Venous ultrasound evaluates the degree of venous congestion (Fig. 3). It combines estimation of the diameter of inferior vena cava (and its respiratory variations) with flow patterns in hepatic veins, portal vein and, eventually, renal veins [37]. Indices of venous stasis may be observed in hypervolemia but also in impaired right ventricular function or conditions with elevated intrathoracic pressures. While this approach has mostly been reported after cardiac surgery [38], recent data suggest that it can also be effective in other patient cohorts [39]. Sonographic evaluation of femoral veins may also be useful [40], as recently reported in patients affected by coronavirus disease 2019 (COVID-19) with right ventricular dysfunction [41].

How to integrate measurements of blood volume, EVLW and fluid responsiveness?

It is relevant to consider the patient’s illness and to combine measurements to accurately assess the hemodynamic profile. A patient may have a normal blood volume but an increased EVLW as the result of increased vascular permeability while another patient may present with an increased EVLW associated with hypervolemia. The different patterns that can be identified using combined measurements of blood volume and EVLW are presented in Fig. 2.

In addition, a patient may still benefit from fluid administration despite the presence of some degree of lung or peripheral edema. As the risk benefit profile may not be advantageous in these patients, it is crucial to determine whether these patients will be fluid responsive prior to the administration of fluids. It may also be interesting to consider more specific thresholds for fluid responsiveness in these patients [29].

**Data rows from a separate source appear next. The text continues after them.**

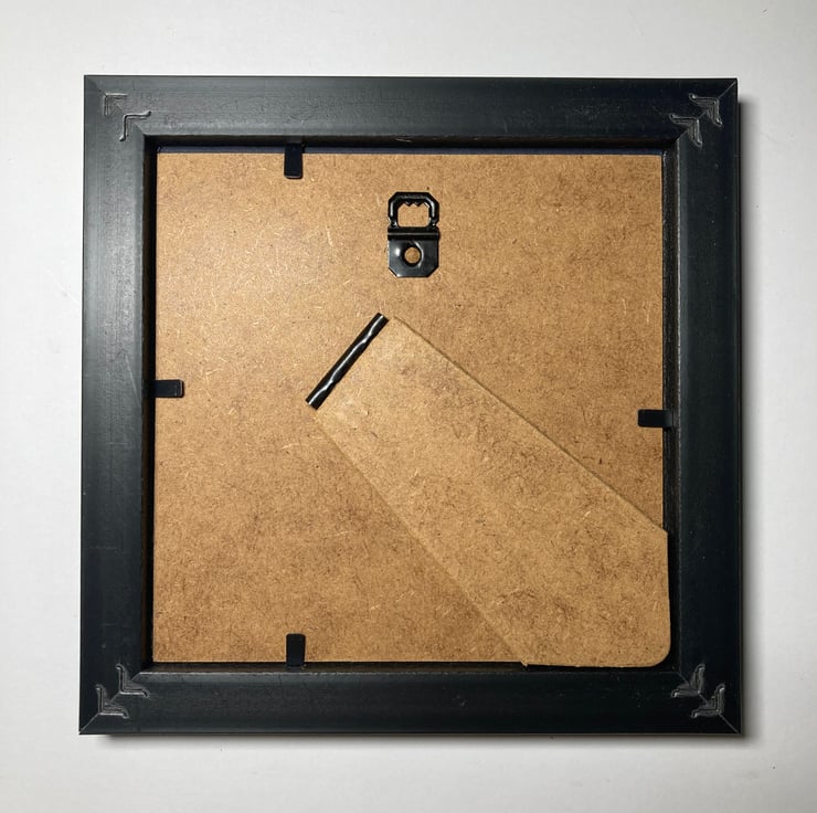 The resulting artwork is rich in texture. The felt art measures approximately 9cm x 9cm (3.5" x 3.5") and it has been mounted on white card in a square black frame. The frame is unglazed allowing the texture of the piece to be clearly visible.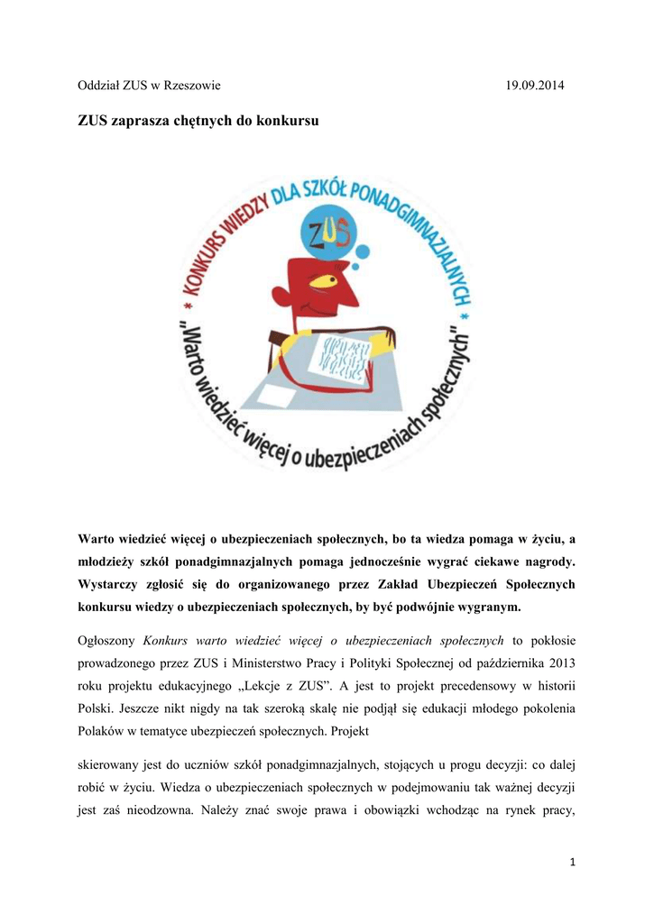 ZUS w Rzeszowie zaprasza do konkursu Konkurs warto wiedzieć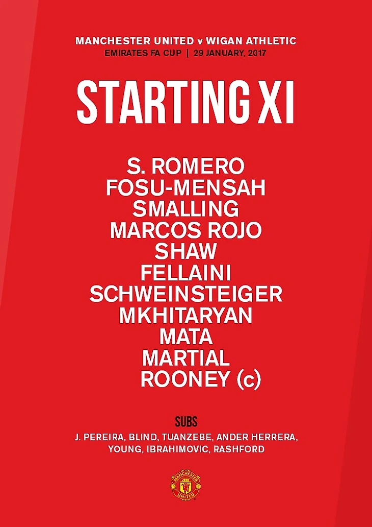 Жозе после выхода в финал Кубка Лиги все же не удержался и на пресс-конференции как всегда сморозил чушь о том что счет матча 1-1 и Юнайтед не проиграли. Но все же со временем пыл отсыл и успокоившийся коуч красных сегодня прибег к частичной ротации. Честно говоря даже не знаю какое событие имеет больше резонанса: выход в старте Швайнштайгера или отсутствие Погба даже в заявке?) Но факт остается фактом, в опорную зону вышли немец вместе с Феллайни, а над ними четверка: Мата, Марсьяль, Мхитарян и Руни. Также свой шанс получил Фосу-Менса, Шоу тоже вышел с первых минут, но он здесь появился исключительно для ротации так как уже давно известно что он будет менять клуб. Также в заявку не попал Валенсия который попал в Манчестер из Уигана.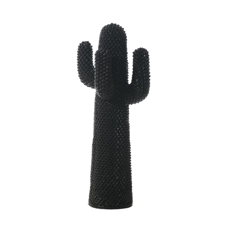 Dessiné en 1972 par Guido Drocco et Franco Mello, Cactus est devenu un objet culte de la collection italienne Multipli de la marque Gufram. Ce portemanteau, qui ne manque pas d'humour, est réalisé en polyuréthane expansé et peint en noir ou en rouge. Extravagant, il s'impose en tant qu'objet de décoration insolite et hors du commun pour la chambre ou l'entrée de la maison. Ce portemanteau Cactus est la représentation d'un design avant-gardiste à la forme gracieuse, paisible et réconfortante. La philosophie de la marque italienne Gufram se résume en quatre mots : qualité, innovation, design et recherche. C'est pourquoi la plupart de ses créations sont exposées dans de nombreuses galeries et musées d'art contemporain dont le MoMa à New York.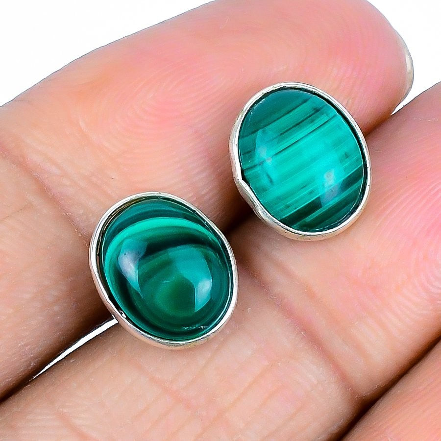 Malachite Stone Solid Sterling Silver Handcrafted Friendship Day Stud Earrings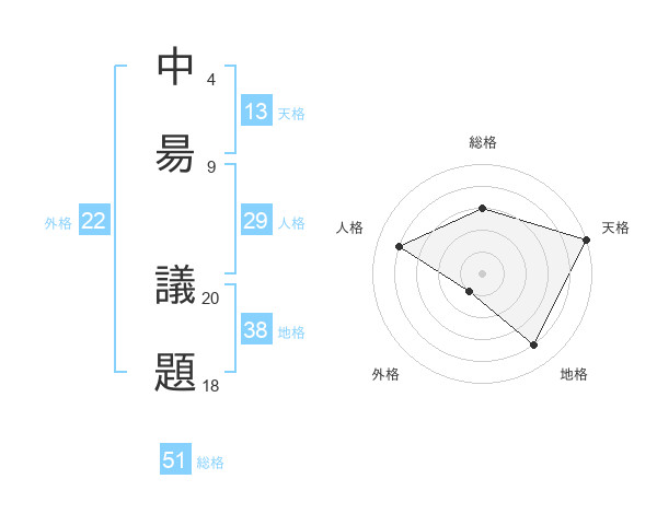 中昜 議題さんの総格は51画の3点!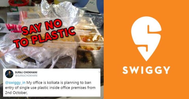 Knowing this, Mr Chokhani instantly took to his twitter handle and asked Swiggy about this. “My office is Kolkata is planning to ban entry of single-use plastic inside office premises from 2nd October, can u specify on ur app which partner of urs deliver food in biodegradable containers so that I can order from there,” he wrote.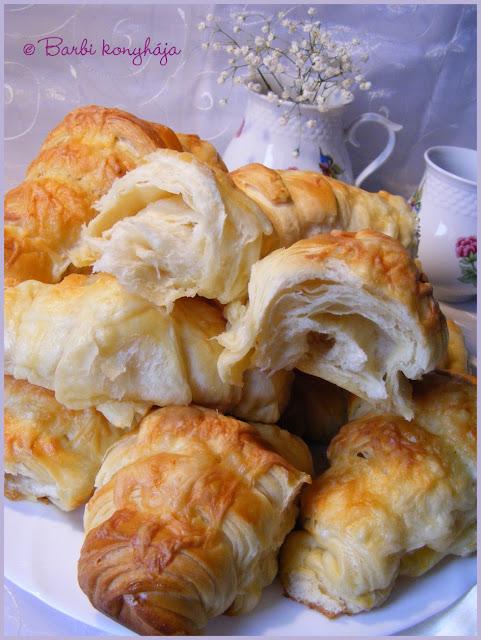 Holnap kirándul a nagylányom és mivel nem volt itthon semmi pékárú amit szendvicsnek készíthetnék és nagyon lusta voltam oda-vissza 30 km-t autózni pár zsemléért, ezért gyorsan benéztem Limarához, mert emlékeztem egy gyorsan elkészíthető croissant-ra. Jól emlékeztem, és már el is készült! Nem mondom, hogy pik-pak, de megérte, mert mi ilyen finomságot "kiflibe" még nem ettünk! Hát igen, talán tényleg szentségtörés kiflinek nevezni ezt a csodálatos pékterméket! ? Most az a legnagyobb problémám, hogy megmenekítsek holnapra párat a kirándulásra!!! :-) Ahhoz képest, hogy ma ünneplem - őszintén bevallom mindenki előtt - életem utolsó 3-as számmal kezdődő szülinapját, igencsak megdolgoztattam magam, de nem bánom! ☺

When is fluid resuscitation indicated?

Several prerequisites thus need to be fulfilled. First, there should be a trigger for fluid administration (i.e. signs of tissue hypoperfusion) for which the increase in CO induced by fluid administration is considered to be a potential solution. Second, a careful evaluation of potential benefits and risks for fluids should be made. Finally, after these two first steps only, fluid responsiveness should be evaluated [42].

Selection of the trigger is crucial. Ideally, it should be an index of tissue hypoperfusion that rapidly responds to therapy (the detailed impact of fluids on tissue perfusion are reported in ESM). Prolonged capillary refill time, skin mottling, decreased venous oxygen saturation, and increased veno-arterial PCO2 gradients are excellent triggers for fluid resuscitation. Increased lactate levels are not sufficient in isolation, as hyperlactatemia may take time to resolve and may be also affected by other factors. Continuing resuscitation efforts in patients who normalized their perfusion indices was associated with worse survival [43].

A low blood pressure is often used as a trigger for fluid resuscitation [44], but the pressure response is highly variable in patients in vasodilatory state who increase their CO after fluid administration [8].

The benefit/risk balance of fluids needs to consider the amount of fluid that has already been administered (a positive response is less likely to occur if the patient has already received several liters of fluid) and the potential risks (right ventricular dysfunction, severe hypoxemia, venous congestion and intra-abdominal hypertension).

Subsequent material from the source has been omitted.